Он вдруг увидел некую симметрию в отсутствии покрывала на лице императора и кошачьей маске на собственном лице. Должно быть, Юкинари тоже хорошо знакомо желание стать кем-то другим, раствориться в толпе, исчезнуть.
Так странно: иногда казалось, что более разных людей, чем они с императором, не найти, а иногда — что похожи, как близнецы.
Еще Гэрэл подумал, что он чаще видит лицо императора, чем его собственные придворные. Да и узнать его за эти несколько встреч он, возможно, успел лучше, чем удалось им за многие годы.
«Или Юкинари очень старается меня в этом убедить», — подумал он, вспомнив свои недавние мысли об искусственности всего, что говорят и делают в Стране Дракона, и помрачнел.
Когда Момоко ушла, Гэрэл с недоброй иронией сказал:
— Не слишком ли она юна для вашего гарема?
— Что?
— «Жить во дворце».
— Я говорил не про гарем, — холодно сказал Юкинари.
— А про что тогда? Вы не хуже меня знаете, что в вашей стране быть девчонкой из бедного квартала — это до самой смерти…

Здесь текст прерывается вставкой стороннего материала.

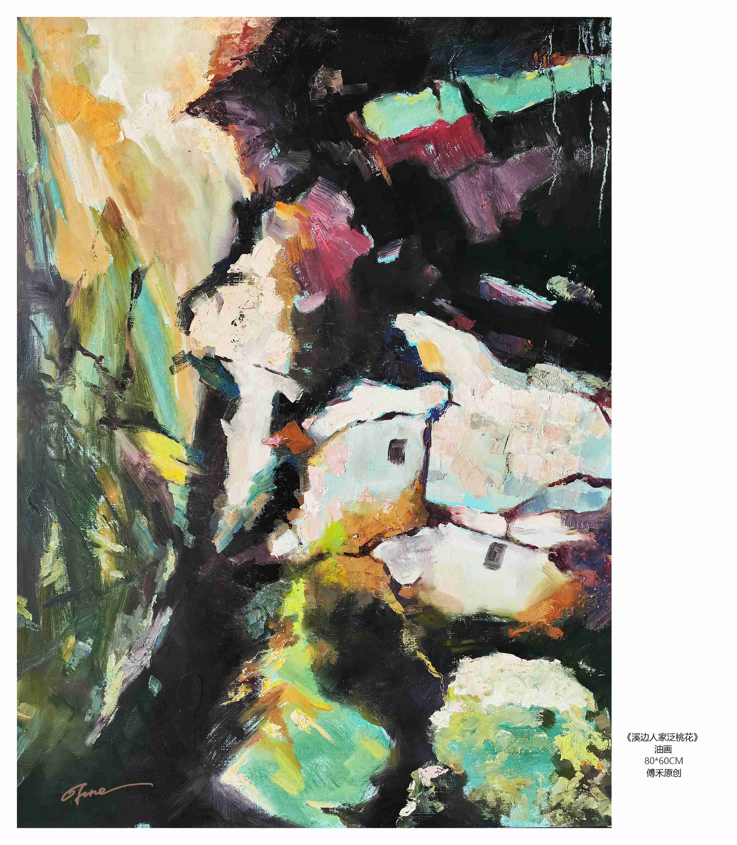 譬如在傅禾先生的一幅《溪边人家泛桃花》作品中,他就是有通过极强的笔触肌理来展现自然风景和桃花风情,而画中的那些色块状结构,也更是能从另一角度上展现出他本人对于抽象意味的心迹体验,当然,并非是所有油画艺术家都能在抽象油画上一蹴而就,相比于写实油画,这种作品则是更加需要画家拥有丰富的审美视野和生活阅历,因为只有这样,作品才能在心境和写生的转换上完成视觉蜕变,而今日的傅禾先生则无疑就是这样一位成功的实践者!

Юкинари нахмурился. Коснулся рукой виска, словно собираясь с мыслями, но ничего не ответил и отвернулся.
— Вам, вижу, очень нравится быть хорошим? — Гэрэл понимал, что говорит чудовищные глупости, но не мог остановиться. Он умел превращать неловкость только в высокомерие, желчность и гнев — некому было научить его превращать ее во что-то другое.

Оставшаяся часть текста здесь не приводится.